== Data excerpt ==
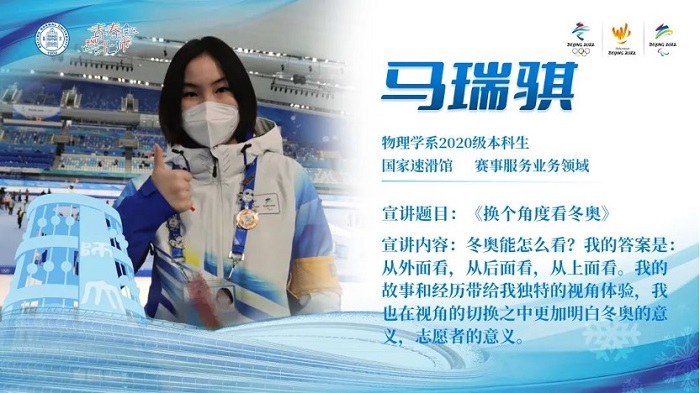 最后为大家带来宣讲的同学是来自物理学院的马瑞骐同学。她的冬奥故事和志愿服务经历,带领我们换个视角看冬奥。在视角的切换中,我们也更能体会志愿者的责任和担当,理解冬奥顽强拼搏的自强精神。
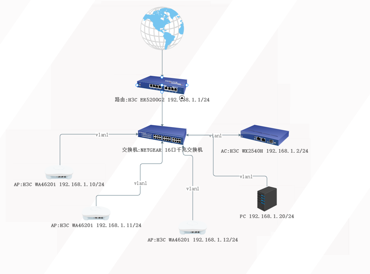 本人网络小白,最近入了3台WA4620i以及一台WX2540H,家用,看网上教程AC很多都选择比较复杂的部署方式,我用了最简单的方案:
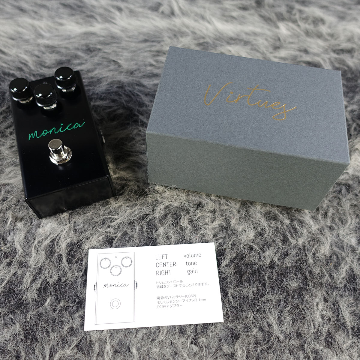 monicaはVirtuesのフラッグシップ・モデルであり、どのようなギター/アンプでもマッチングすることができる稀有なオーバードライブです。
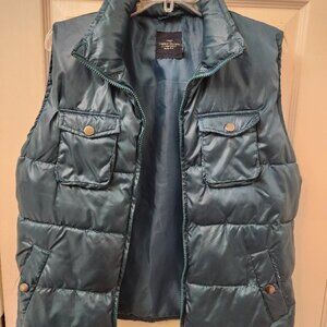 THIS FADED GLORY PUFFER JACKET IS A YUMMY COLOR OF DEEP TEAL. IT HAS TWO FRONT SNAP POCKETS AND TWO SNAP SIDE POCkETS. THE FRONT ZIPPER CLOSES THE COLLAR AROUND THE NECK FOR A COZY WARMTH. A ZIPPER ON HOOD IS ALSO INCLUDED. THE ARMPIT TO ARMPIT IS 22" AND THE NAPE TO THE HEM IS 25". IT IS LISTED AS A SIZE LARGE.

== Exercise requirements ==
Would you repeat the complete listing exactly, excluding each picture it holds?

== Exercise answer ==
 最后为大家带来宣讲的同学是来自物理学院的马瑞骐同学。她的冬奥故事和志愿服务经历,带领我们换个视角看冬奥。在视角的切换中,我们也更能体会志愿者的责任和担当,理解冬奥顽强拼搏的自强精神。
 本人网络小白,最近入了3台WA4620i以及一台WX2540H,家用,看网上教程AC很多都选择比较复杂的部署方式,我用了最简单的方案:
 monicaはVirtuesのフラッグシップ・モデルであり、どのようなギター/アンプでもマッチングすることができる稀有なオーバードライブです。
 THIS FADED GLORY PUFFER JACKET IS A YUMMY COLOR OF DEEP TEAL. IT HAS TWO FRONT SNAP POCKETS AND TWO SNAP SIDE POCkETS. THE FRONT ZIPPER CLOSES THE COLLAR AROUND THE NECK FOR A COZY WARMTH. A ZIPPER ON HOOD IS ALSO INCLUDED. THE ARMPIT TO ARMPIT IS 22" AND THE NAPE TO THE HEM IS 25". IT IS LISTED AS A SIZE LARGE.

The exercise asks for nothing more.